Friday, September 24, 2010
- Saturday, September 25, 2010, 7 p.m.
- Signs of Life, 722 Mass., Lawrence
- All ages / Free
Chris Guillebeau is looking for people who want to be extraordinary.
And not necessarily in the “I want to climb Mount Kilimanjaro” way. Maybe you want to start your own business. Maybe you want to travel. Maybe you want to finally try out for the community theater.
He’s looking for you.
Why? Because he wants you to cut out the excuses and make the leap to live an unconventional, remarkable, extraordinary life — whatever that means to you.
Guillebeau is the author of “The Art of Non-Conformity” — a book spawned from the blog of the same name, the goal of which is to teach the discontent of the world that it doesn’t have to be so.

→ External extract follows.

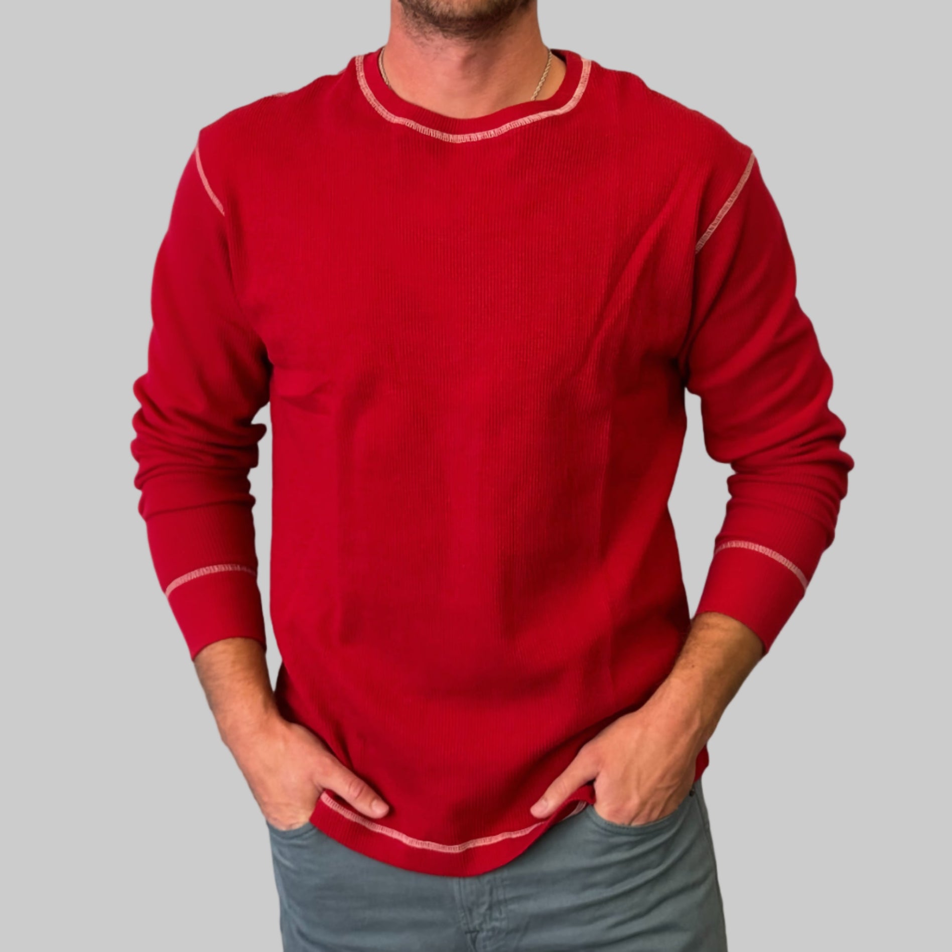 $98.00You will love our Lightweight thermal wardrobe staple. Carefree and casual to wear with your favorite denim day or night. It's an effortless fashion statement. Super soft with contrast stitching details. You will never want to take it off!

“The central message is you don’t have to live your life the way other people expect you to, you can do good things for yourself and others at the same time. It’s not a false choice, a dichotomy,” the Portland, Ore.-based writer says. “I’m interested in helping people ... actually turning dreams into goals.”
He’s taking that message on the road for a 63-city “unconventional” book tour that makes a stop Saturday in Lawrence — 7 p.m. at Signs of Life, 722 Mass., on the way through all 50 states and the Canadian provinces.
A traveling success
That he chose Lawrence as his Kansas stop can be attributed to Glen Stansberry, a Lawrence web developer who met Guillebeau when the writer asked to join a blogging network Stansberry co-founded, lifedev.net. Stansberry says that Guillebeau has been part of the network for the past year and it’s clear why his is one of the site’s most successful blogs and why his book is trending so high on Amazon.com (it’s currently the site’s No. 1 career guide).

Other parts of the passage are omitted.